**DATASET SECTION**
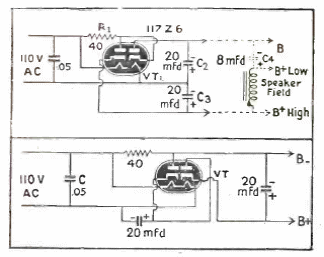 En la figura tenemos un circuito con dos opciones de fuente sin transformador. El circuito es de una documentación de 1944. Para alimentar los filamentos de los circuitos alimentados se necesita un transformador adicional.
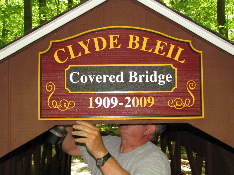 A close-up of the plaque to be dedicated at the Open Meet on June 18 with Clyde's family in attendance. A view of the Covered Bridge with the plaque in place. |
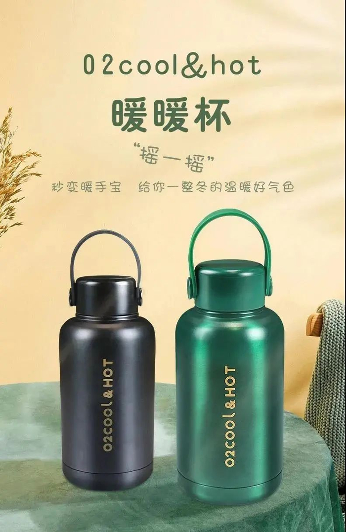 1、能暖手的保温杯!热水保温6小时,一摇变成暖手宝~

**EXERCISE DESCRIPTION**
Omit the pictures and give the material again, exactly and in full.

**TASK SOLUTION**
 En la figura tenemos un circuito con dos opciones de fuente sin transformador. El circuito es de una documentación de 1944. Para alimentar los filamentos de los circuitos alimentados se necesita un transformador adicional.
 A close-up of the plaque to be dedicated at the Open Meet on June 18 with Clyde's family in attendance. A view of the Covered Bridge with the plaque in place. |
 1、能暖手的保温杯!热水保温6小时,一摇变成暖手宝~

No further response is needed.